> **What is required**
Below, locate the line that contains "Portavelas en vidrio". Repeat exactly from that line to the line that contains "Agrupación Agustín Argüelles", inclusive, leaving out the pictures.

> **Dataset excerpts**

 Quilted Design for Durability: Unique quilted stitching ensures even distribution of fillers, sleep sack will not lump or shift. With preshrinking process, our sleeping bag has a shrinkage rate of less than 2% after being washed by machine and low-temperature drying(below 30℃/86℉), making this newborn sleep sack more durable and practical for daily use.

==

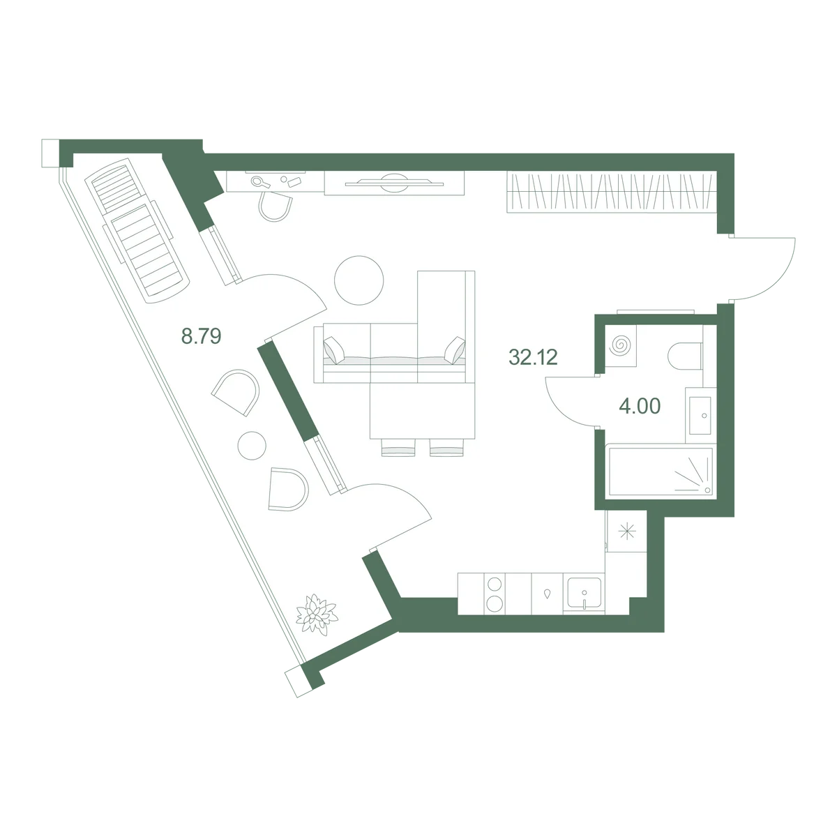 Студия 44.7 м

* * *

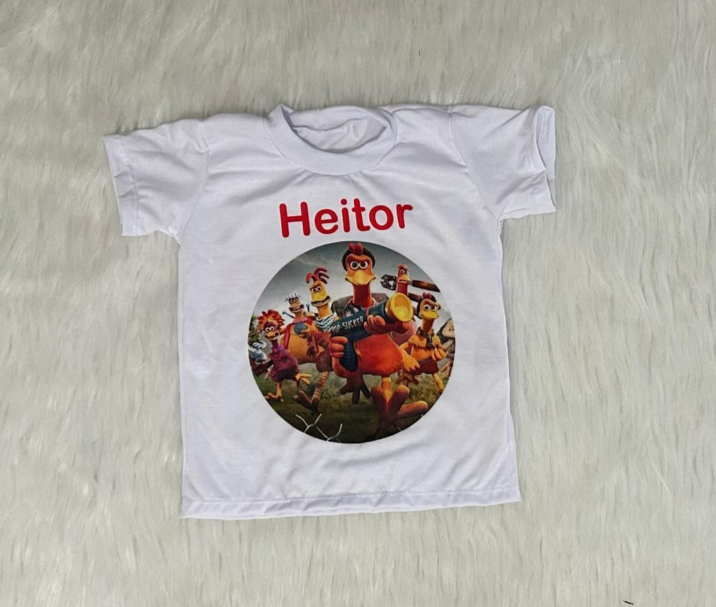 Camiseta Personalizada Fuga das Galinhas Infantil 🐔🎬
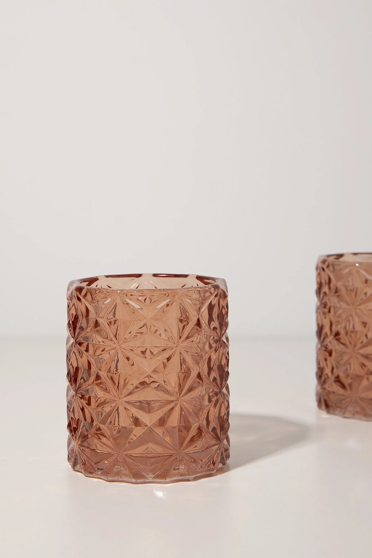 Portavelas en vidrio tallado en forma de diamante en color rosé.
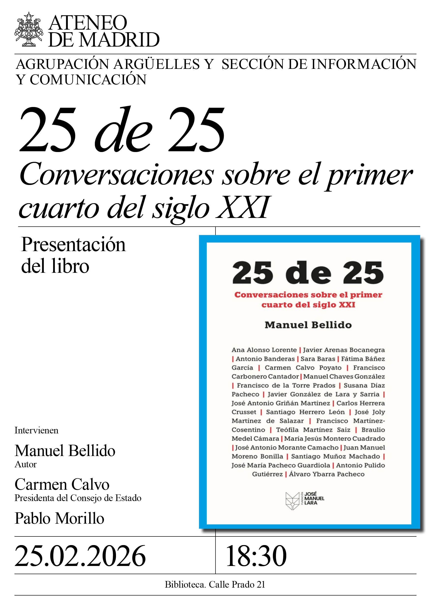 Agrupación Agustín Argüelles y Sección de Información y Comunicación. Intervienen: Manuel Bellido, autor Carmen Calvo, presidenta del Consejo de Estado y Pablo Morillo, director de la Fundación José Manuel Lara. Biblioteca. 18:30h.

> **Answer space**
 Portavelas en vidrio tallado en forma de diamante en color rosé.
 Agrupación Agustín Argüelles y Sección de Información y Comunicación. Intervienen: Manuel Bellido, autor Carmen Calvo, presidenta del Consejo de Estado y Pablo Morillo, director de la Fundación José Manuel Lara. Biblioteca. 18:30h.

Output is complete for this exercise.